● Extracted records
_ _ _ _ _

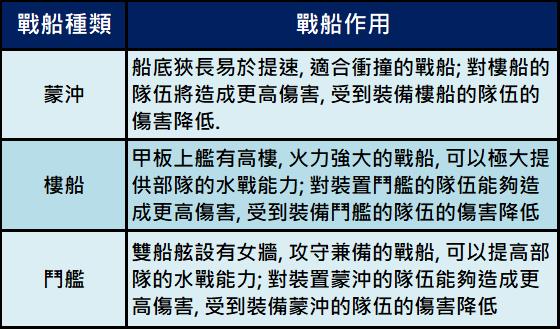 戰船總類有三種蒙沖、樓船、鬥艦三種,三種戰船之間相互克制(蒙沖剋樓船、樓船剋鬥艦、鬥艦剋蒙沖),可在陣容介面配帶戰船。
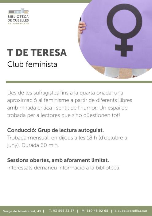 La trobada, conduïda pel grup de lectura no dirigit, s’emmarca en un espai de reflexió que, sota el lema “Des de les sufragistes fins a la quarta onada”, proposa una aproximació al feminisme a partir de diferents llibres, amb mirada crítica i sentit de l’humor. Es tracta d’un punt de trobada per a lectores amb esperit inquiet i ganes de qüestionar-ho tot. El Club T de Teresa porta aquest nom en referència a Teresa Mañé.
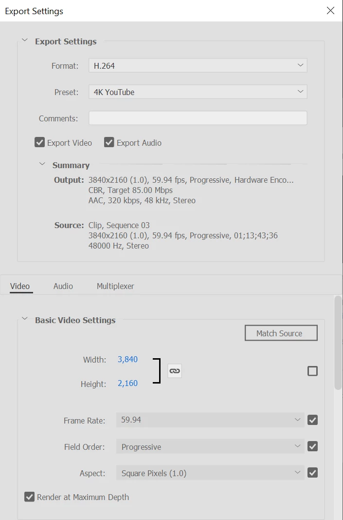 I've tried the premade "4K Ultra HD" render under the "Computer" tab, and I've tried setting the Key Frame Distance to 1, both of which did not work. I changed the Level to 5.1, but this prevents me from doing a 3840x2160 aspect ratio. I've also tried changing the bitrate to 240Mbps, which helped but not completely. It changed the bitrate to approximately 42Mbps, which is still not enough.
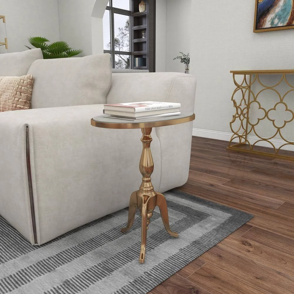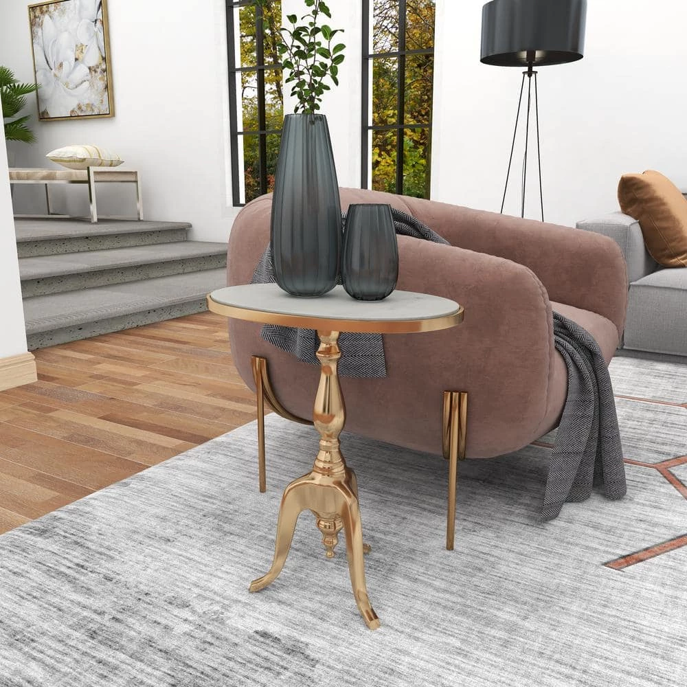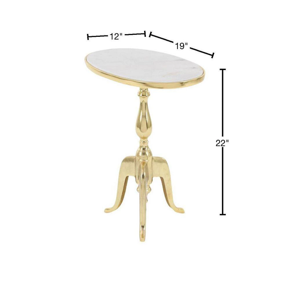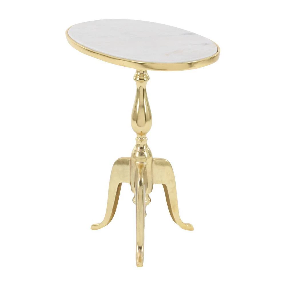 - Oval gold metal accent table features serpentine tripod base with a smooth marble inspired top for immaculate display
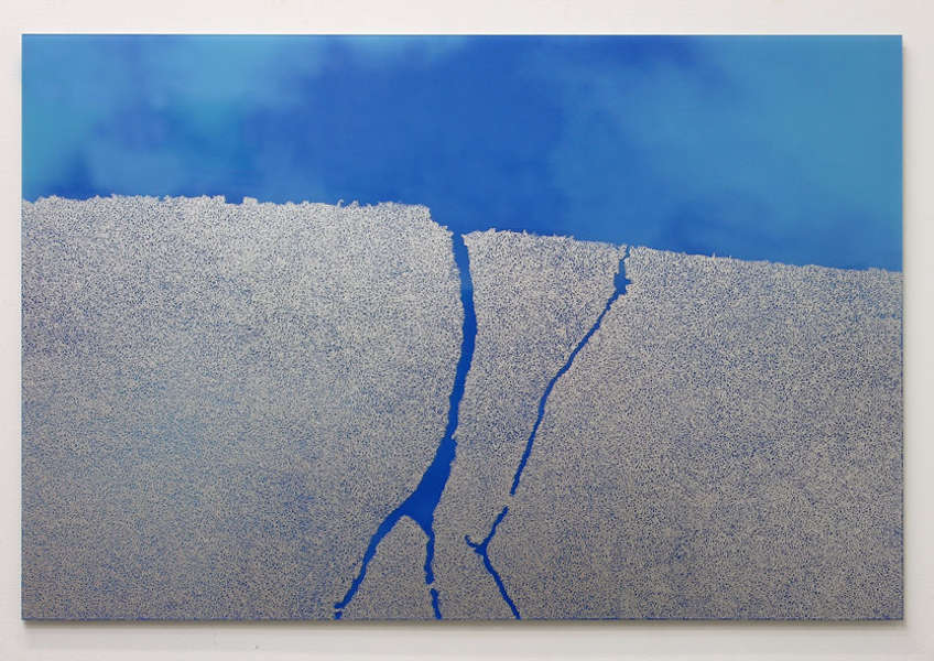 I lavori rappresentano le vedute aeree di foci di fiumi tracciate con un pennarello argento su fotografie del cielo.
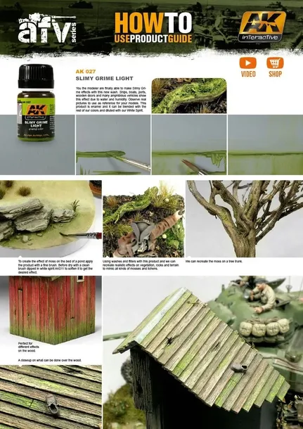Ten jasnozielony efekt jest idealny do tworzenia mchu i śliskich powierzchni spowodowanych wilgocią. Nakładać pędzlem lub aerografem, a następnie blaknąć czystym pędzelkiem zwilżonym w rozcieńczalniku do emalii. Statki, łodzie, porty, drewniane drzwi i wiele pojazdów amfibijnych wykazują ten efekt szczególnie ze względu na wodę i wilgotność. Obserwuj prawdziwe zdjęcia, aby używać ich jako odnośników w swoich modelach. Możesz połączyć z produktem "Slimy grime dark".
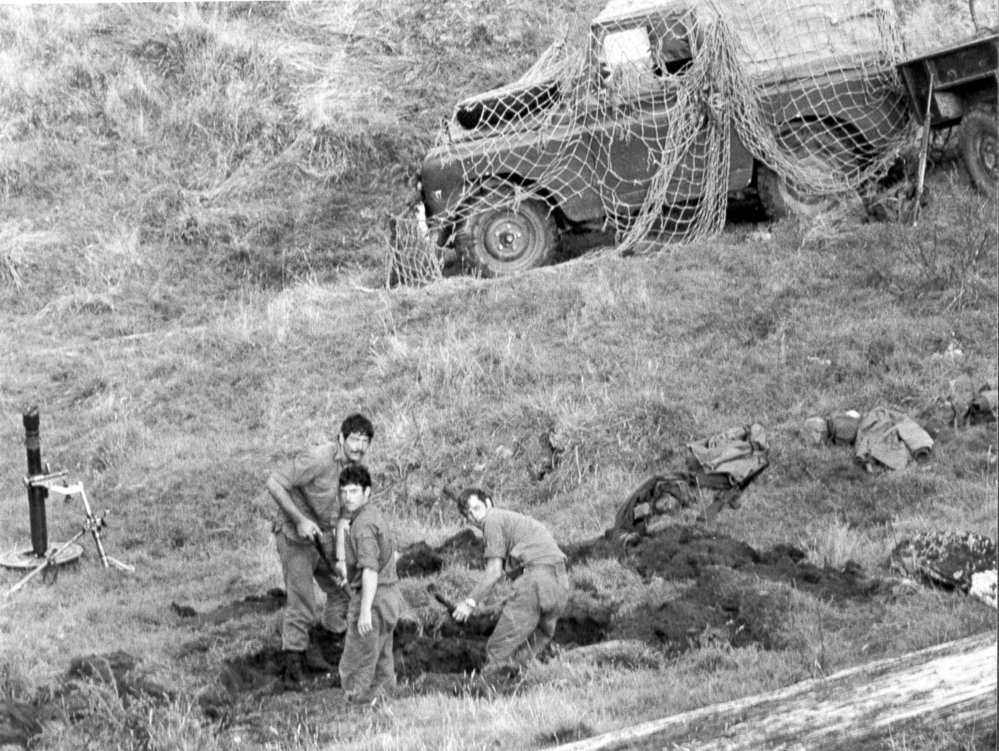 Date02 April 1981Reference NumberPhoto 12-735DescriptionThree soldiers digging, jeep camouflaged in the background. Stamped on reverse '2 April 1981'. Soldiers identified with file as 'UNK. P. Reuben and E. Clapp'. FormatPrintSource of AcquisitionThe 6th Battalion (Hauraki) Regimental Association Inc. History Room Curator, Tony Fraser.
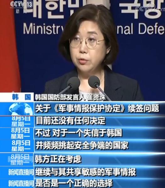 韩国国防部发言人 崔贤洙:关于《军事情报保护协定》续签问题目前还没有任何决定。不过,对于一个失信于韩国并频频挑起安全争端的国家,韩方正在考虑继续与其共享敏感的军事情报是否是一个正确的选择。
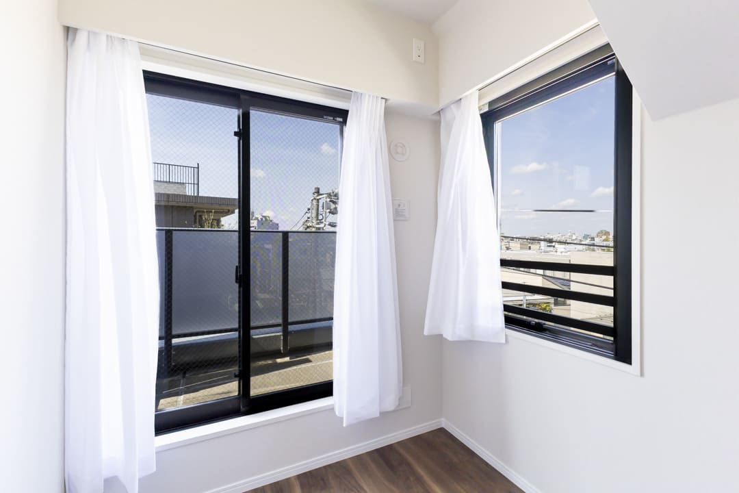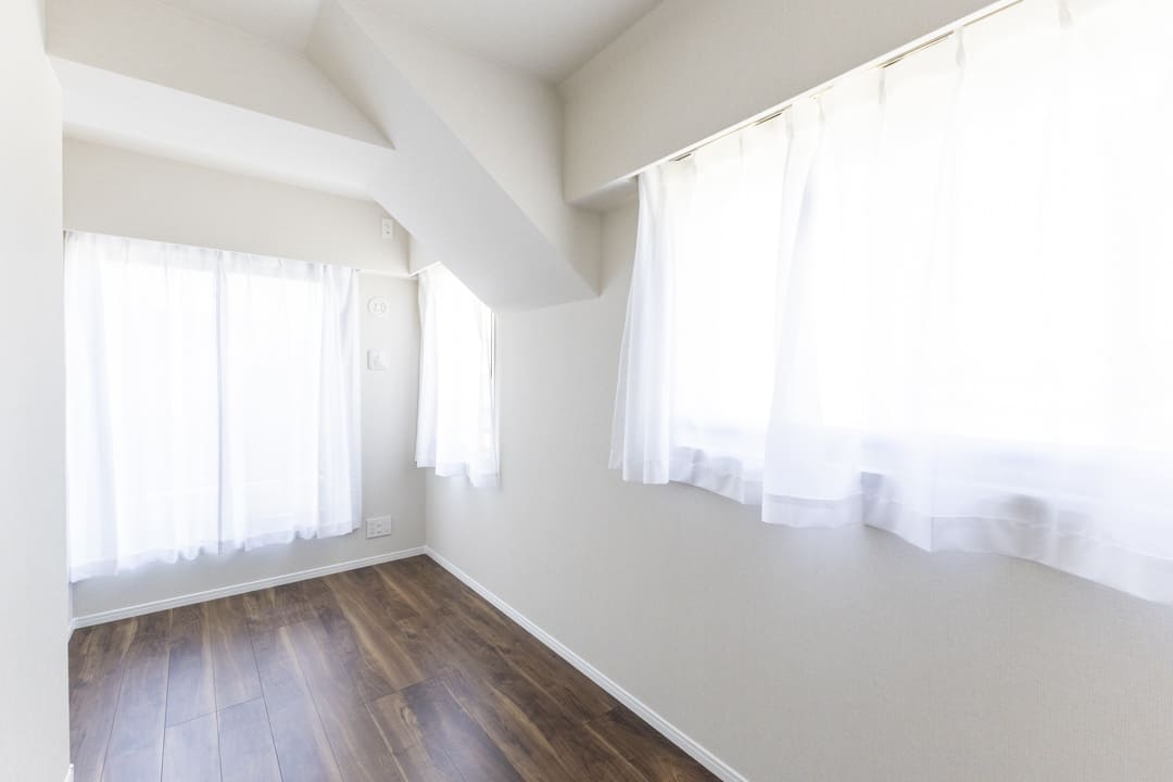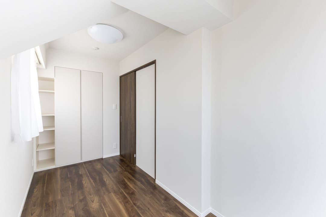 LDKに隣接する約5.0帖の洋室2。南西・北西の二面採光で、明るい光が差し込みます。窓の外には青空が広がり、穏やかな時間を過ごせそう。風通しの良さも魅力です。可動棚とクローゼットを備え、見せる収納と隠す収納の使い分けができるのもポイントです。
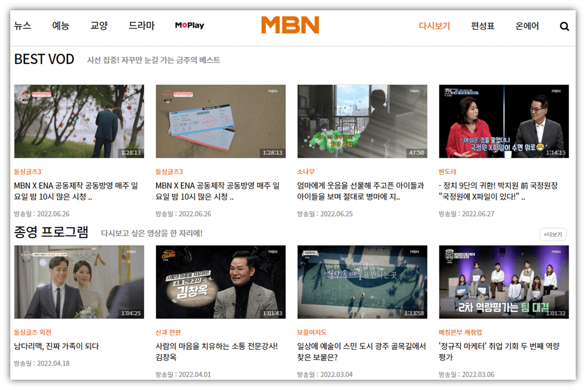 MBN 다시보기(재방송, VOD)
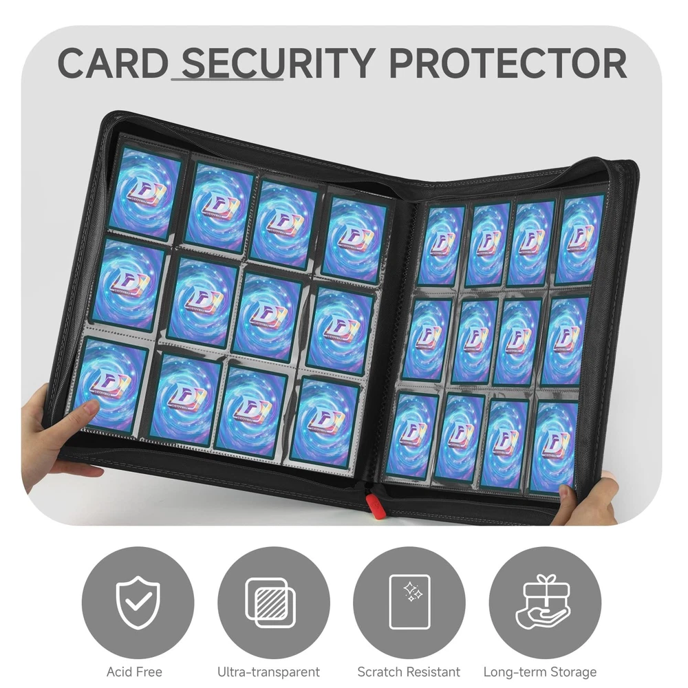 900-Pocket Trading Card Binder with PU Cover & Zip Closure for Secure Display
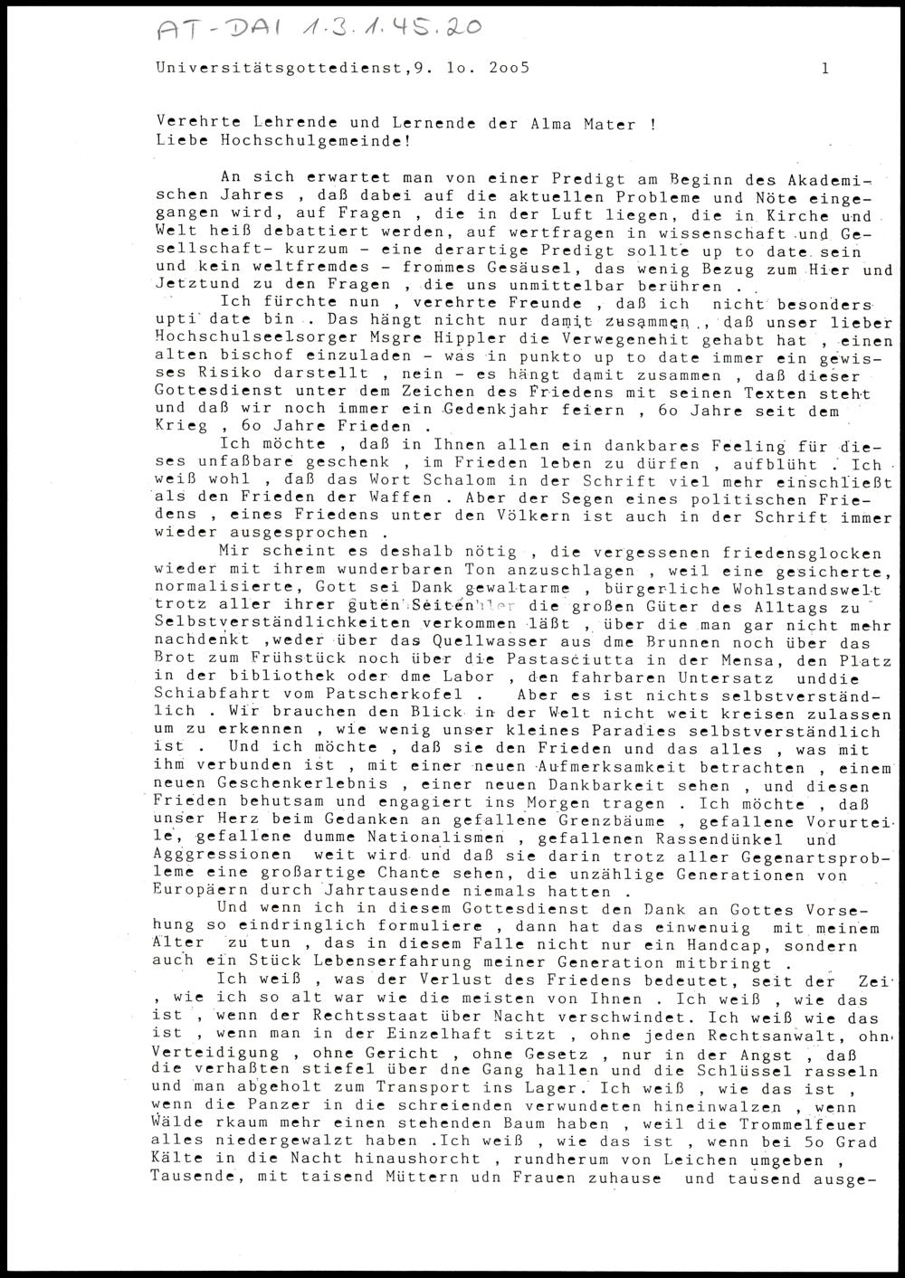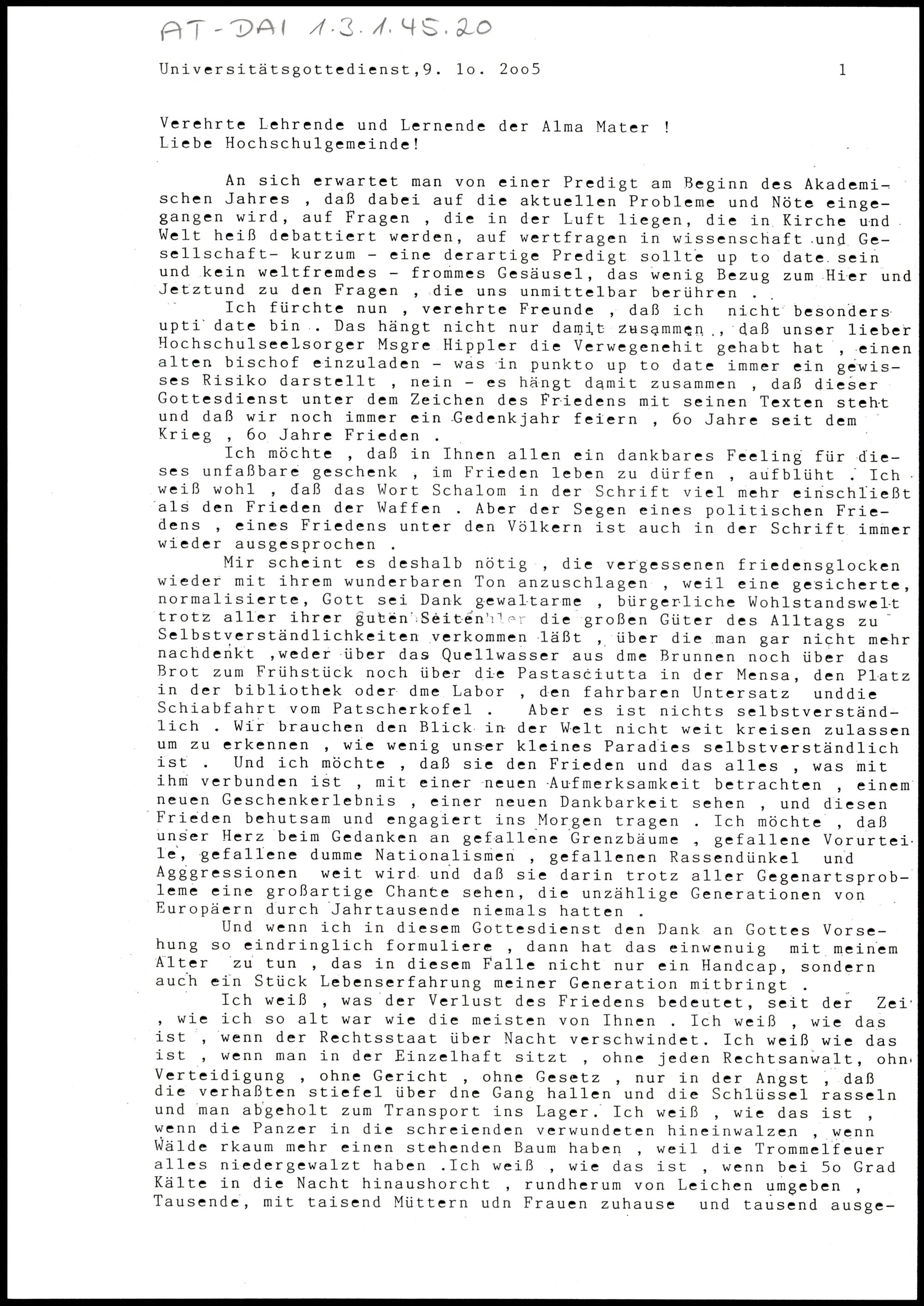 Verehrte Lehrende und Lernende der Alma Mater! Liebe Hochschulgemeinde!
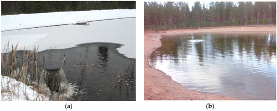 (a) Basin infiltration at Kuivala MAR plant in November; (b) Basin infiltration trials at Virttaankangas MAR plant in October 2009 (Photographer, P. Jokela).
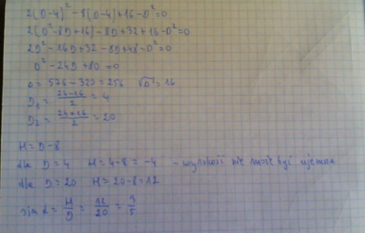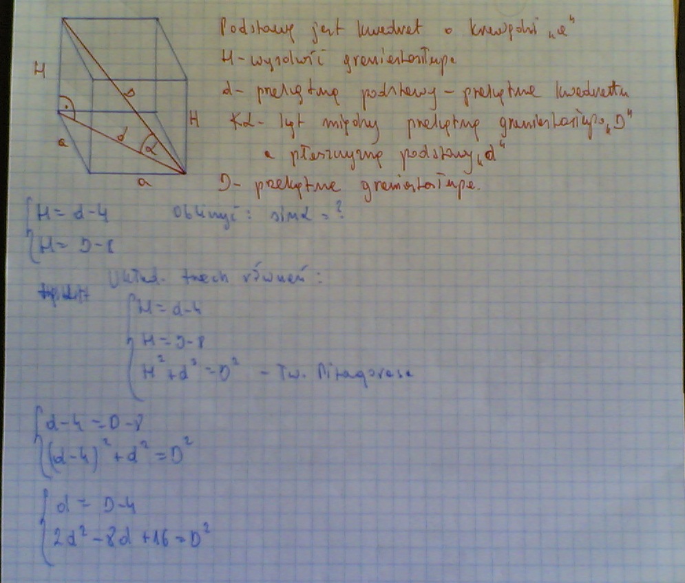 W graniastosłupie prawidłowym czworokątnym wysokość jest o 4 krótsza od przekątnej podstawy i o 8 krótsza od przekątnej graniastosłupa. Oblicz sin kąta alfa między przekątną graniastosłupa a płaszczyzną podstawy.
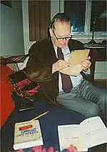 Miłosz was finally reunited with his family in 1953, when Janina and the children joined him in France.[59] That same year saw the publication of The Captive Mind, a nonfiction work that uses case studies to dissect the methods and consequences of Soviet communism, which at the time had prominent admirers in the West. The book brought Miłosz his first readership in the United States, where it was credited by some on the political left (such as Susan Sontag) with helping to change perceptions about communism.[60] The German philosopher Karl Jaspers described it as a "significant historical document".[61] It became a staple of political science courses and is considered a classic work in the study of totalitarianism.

_ _ _ _ _

● What is being asked
Copy only what lies between the line with "Verehrte Lehrende und" and the line with "W graniastosłupie prawidłowym", those two lines included, exactly as given above; pictures stay out.

● Solved exercise
 Verehrte Lehrende und Lernende der Alma Mater! Liebe Hochschulgemeinde!
 (a) Basin infiltration at Kuivala MAR plant in November; (b) Basin infiltration trials at Virttaankangas MAR plant in October 2009 (Photographer, P. Jokela).
 W graniastosłupie prawidłowym czworokątnym wysokość jest o 4 krótsza od przekątnej podstawy i o 8 krótsza od przekątnej graniastosłupa. Oblicz sin kąta alfa między przekątną graniastosłupa a płaszczyzną podstawy.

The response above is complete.